Smartotics Investment Daily - 2026-06-04
📈 Market Overview
The tech investment landscape this Thursday is dominated by three seismic shifts: Broadcom’s aggressive expansion into AI infrastructure with a $35 billion compute financing platform, Anthropic’s accelerated path to public markets with Morgan Stanley and Goldman Sachs now leading its IPO, and Quantinuum’s staggering 20x oversubscription in its IPO—a clear signal that quantum computing has entered institutional mainstream.

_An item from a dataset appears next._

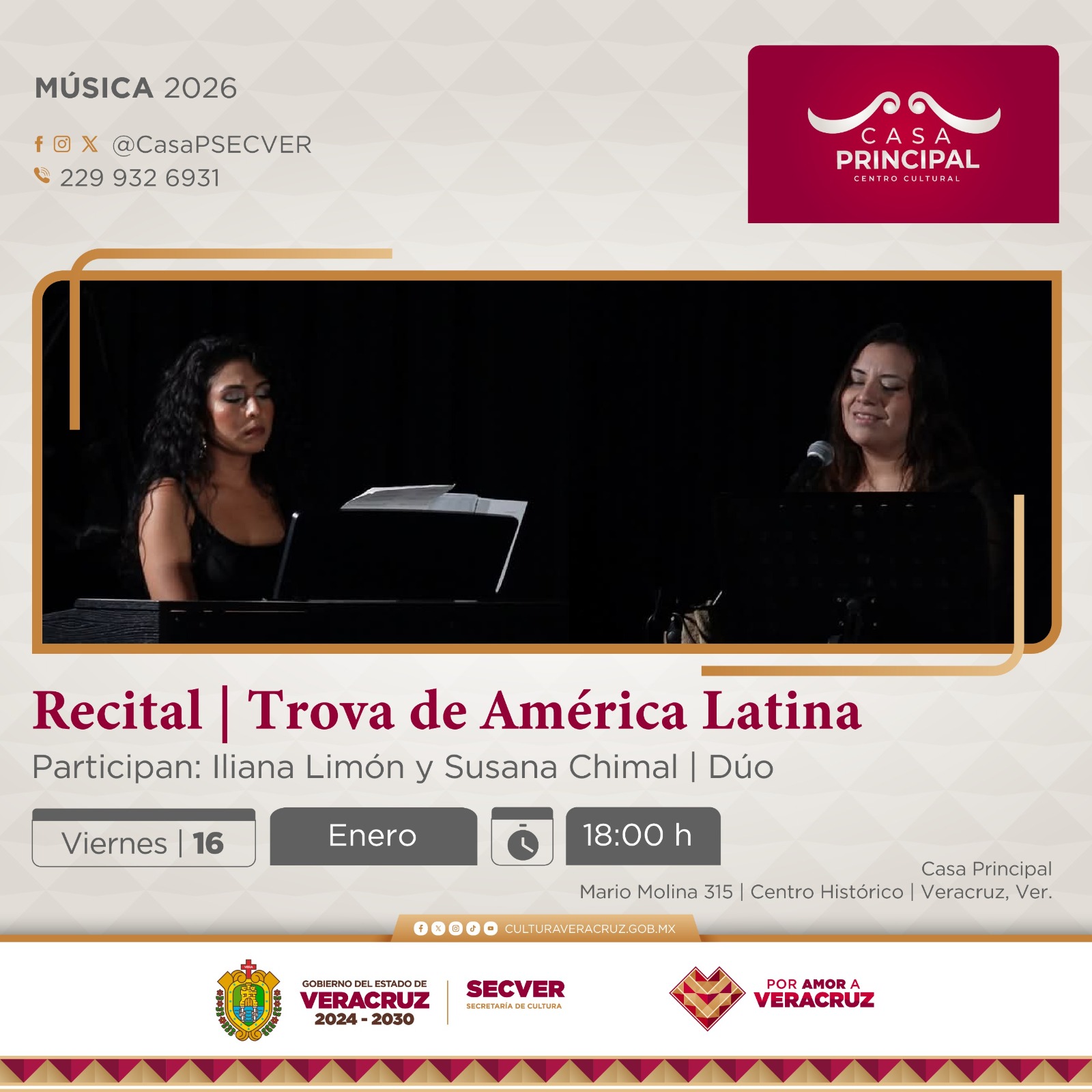 Trova de América Latina es el primero, con la participación especial del dúo formado por Iliana Limón y Susana Chimal. Este evento musical propone un recorrido por la trova y la canción latinoamericana como una forma de poesía cantada, donde la música se convierte en un puente de diálogo con la comunidad.

Broadcom’s earnings call yesterday revealed that its XPU (custom AI accelerator) and networking orders are already backlogged through 2028, underscoring the insatiable demand for AI compute infrastructure. The company is creating a dedicated $35 billion financing vehicle to fund data center buildouts, effectively becoming a capital markets intermediary for AI infrastructure. This positions Broadcom as a direct competitor to NVIDIA’s financing partnerships and signals that the AI hardware buildout is entering a new phase of financial engineering.

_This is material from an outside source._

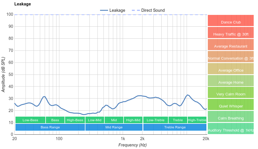 Excellent leakage performance. The closed-back and tight fit of these in-ears don't let much sound out of them. The significant portion of their leakage is between 1KHz and 8KHz, which is broad, but the overall level of the leakage is so low that makes the other variable rather irrelevant. With the music at 100dB SPL, the leakage at 1 foot away averages at about 25dB SPL while peaking at 33dB SPL, which is way below the noise floor of an average office.

Meanwhile, Anthropic’s decision to select Morgan Stanley and Goldman Sachs for its IPO, with a target of October 2026, represents a pivotal moment for the foundation model sector. At a likely valuation exceeding $60 billion, Anthropic is betting that public market investors will reward its safety-first approach against OpenAI’s aggressive commercialization. The timing—just months after OpenAI’s rumored $300 billion valuation round—suggests a race to capture public market AI premiums.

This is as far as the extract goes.